Information shown ▸

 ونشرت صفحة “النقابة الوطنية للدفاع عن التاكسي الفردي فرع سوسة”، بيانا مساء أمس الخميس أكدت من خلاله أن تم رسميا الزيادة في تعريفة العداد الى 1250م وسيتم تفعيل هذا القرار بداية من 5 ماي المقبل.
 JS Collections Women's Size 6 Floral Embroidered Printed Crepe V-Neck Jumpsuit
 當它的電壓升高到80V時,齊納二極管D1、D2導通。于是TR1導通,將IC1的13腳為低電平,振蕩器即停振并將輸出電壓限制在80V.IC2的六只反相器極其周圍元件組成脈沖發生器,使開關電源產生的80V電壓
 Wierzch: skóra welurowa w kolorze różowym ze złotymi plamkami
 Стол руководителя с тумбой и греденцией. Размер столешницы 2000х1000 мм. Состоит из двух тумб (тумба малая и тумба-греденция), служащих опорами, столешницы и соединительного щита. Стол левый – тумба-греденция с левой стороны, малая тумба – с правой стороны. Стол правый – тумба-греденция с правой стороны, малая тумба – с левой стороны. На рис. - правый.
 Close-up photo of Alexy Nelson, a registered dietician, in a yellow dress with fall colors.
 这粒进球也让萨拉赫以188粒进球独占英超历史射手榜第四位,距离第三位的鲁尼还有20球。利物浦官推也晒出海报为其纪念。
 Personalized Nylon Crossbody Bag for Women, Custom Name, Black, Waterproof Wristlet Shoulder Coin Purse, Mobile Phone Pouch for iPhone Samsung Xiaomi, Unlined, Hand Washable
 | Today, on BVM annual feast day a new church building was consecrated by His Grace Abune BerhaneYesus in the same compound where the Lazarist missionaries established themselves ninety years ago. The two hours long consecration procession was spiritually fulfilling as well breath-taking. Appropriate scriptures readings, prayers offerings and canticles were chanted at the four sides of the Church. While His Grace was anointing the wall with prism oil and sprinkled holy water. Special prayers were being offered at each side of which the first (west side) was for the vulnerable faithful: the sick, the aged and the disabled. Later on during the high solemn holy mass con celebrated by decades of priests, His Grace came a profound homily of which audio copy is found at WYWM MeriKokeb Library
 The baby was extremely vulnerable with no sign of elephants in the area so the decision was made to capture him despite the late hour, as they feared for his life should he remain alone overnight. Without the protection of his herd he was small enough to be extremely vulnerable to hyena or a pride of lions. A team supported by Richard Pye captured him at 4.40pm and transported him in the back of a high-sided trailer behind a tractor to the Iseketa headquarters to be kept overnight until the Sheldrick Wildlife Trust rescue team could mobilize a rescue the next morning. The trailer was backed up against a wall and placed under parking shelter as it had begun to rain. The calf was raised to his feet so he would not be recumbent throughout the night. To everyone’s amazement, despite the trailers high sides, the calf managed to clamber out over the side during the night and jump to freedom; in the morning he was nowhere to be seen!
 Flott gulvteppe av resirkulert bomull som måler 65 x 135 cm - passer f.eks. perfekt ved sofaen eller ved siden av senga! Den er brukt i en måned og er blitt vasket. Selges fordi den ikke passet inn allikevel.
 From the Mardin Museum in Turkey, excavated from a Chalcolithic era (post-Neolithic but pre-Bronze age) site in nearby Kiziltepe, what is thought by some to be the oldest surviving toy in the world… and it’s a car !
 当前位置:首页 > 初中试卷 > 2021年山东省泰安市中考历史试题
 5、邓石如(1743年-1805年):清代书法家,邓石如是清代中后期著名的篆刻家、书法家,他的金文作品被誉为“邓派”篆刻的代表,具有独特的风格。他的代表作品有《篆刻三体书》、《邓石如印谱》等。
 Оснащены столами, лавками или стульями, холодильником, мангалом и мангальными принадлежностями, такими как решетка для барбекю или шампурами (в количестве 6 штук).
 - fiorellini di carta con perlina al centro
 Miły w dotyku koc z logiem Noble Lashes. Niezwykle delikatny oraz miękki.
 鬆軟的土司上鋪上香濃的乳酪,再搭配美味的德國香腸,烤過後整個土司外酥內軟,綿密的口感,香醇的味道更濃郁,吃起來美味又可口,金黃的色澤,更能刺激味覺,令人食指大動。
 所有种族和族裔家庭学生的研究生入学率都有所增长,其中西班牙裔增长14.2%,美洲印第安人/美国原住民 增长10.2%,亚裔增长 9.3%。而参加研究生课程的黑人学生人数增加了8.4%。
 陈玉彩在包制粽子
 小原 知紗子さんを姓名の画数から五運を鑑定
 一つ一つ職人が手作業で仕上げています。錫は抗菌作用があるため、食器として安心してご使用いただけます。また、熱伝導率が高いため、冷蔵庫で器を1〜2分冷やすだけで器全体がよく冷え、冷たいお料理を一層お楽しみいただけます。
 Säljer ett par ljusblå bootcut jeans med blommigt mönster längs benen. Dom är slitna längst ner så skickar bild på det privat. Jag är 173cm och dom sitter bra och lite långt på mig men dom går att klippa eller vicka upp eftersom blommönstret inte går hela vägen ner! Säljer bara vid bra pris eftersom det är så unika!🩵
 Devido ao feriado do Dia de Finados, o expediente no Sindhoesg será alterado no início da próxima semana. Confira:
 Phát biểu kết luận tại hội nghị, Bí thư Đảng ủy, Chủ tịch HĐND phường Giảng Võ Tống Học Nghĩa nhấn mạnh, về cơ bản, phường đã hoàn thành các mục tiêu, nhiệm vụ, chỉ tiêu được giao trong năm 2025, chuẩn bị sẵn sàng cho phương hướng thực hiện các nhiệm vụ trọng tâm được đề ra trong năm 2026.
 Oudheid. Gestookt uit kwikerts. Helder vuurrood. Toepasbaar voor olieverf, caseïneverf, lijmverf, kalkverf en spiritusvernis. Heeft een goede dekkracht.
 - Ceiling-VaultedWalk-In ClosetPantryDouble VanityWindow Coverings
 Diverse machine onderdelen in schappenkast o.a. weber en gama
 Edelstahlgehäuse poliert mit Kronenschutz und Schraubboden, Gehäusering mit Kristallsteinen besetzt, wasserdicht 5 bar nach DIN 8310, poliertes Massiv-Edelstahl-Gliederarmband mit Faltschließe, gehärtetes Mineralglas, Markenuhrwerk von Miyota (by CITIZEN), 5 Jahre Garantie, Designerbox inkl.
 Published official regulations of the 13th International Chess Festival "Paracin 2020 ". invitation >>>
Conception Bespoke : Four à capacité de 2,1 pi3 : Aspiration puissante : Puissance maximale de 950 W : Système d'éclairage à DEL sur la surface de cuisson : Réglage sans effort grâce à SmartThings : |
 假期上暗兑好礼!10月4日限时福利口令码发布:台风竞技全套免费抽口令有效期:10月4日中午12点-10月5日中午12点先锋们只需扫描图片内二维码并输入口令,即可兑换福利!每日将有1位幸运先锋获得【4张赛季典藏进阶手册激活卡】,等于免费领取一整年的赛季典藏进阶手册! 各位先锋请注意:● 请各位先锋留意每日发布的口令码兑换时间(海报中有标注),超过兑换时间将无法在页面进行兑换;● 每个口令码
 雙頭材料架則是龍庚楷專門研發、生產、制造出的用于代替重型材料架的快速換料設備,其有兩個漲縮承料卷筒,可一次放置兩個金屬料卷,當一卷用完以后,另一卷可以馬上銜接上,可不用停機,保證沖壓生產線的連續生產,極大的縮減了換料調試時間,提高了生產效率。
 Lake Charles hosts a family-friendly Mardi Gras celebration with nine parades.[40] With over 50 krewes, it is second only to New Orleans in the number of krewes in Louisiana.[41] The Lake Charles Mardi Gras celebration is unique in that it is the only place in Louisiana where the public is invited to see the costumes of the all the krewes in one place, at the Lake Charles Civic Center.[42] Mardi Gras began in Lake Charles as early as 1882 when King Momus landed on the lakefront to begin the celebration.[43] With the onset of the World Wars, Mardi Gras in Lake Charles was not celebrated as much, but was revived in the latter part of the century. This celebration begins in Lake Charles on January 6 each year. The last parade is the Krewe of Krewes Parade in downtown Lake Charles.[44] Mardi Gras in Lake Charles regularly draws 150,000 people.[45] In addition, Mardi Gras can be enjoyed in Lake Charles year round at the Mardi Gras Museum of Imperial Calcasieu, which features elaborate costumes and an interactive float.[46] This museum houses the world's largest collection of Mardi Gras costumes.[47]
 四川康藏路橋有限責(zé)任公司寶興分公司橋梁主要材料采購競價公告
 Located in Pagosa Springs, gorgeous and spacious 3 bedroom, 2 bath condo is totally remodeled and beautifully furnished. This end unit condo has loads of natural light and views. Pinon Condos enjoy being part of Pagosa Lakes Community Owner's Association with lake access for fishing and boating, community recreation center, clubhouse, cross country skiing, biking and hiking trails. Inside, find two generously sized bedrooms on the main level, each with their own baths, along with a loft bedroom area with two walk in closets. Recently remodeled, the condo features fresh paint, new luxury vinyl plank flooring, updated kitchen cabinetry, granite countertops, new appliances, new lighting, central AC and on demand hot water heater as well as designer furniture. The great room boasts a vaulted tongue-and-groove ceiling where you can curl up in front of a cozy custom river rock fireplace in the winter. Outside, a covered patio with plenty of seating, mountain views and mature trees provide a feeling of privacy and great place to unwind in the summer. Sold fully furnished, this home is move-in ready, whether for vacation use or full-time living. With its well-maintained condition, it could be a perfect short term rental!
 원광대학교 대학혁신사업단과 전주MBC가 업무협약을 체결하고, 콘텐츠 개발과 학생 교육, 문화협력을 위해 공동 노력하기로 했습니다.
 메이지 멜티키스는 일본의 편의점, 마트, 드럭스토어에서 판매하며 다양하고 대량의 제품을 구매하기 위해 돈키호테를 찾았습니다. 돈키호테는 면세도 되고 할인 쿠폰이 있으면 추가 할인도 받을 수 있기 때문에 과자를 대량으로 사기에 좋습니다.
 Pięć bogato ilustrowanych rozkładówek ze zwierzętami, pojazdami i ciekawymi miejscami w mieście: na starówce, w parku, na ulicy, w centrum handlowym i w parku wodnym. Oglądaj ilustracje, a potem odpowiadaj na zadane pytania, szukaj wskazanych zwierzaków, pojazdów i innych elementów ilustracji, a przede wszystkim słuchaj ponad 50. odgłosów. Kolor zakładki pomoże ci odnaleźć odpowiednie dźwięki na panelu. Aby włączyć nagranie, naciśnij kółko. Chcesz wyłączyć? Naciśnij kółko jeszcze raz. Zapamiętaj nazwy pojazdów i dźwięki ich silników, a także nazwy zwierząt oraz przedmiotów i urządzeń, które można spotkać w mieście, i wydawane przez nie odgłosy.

About this task ▸
Look over the records above and copy each line that includes the string "oraz".

Answer box ▸
 Miły w dotyku koc z logiem Noble Lashes. Niezwykle delikatny oraz miękki.
 Pięć bogato ilustrowanych rozkładówek ze zwierzętami, pojazdami i ciekawymi miejscami w mieście: na starówce, w parku, na ulicy, w centrum handlowym i w parku wodnym. Oglądaj ilustracje, a potem odpowiadaj na zadane pytania, szukaj wskazanych zwierzaków, pojazdów i innych elementów ilustracji, a przede wszystkim słuchaj ponad 50. odgłosów. Kolor zakładki pomoże ci odnaleźć odpowiednie dźwięki na panelu. Aby włączyć nagranie, naciśnij kółko. Chcesz wyłączyć? Naciśnij kółko jeszcze raz. Zapamiętaj nazwy pojazdów i dźwięki ich silników, a także nazwy zwierząt oraz przedmiotów i urządzeń, które można spotkać w mieście, i wydawane przez nie odgłosy.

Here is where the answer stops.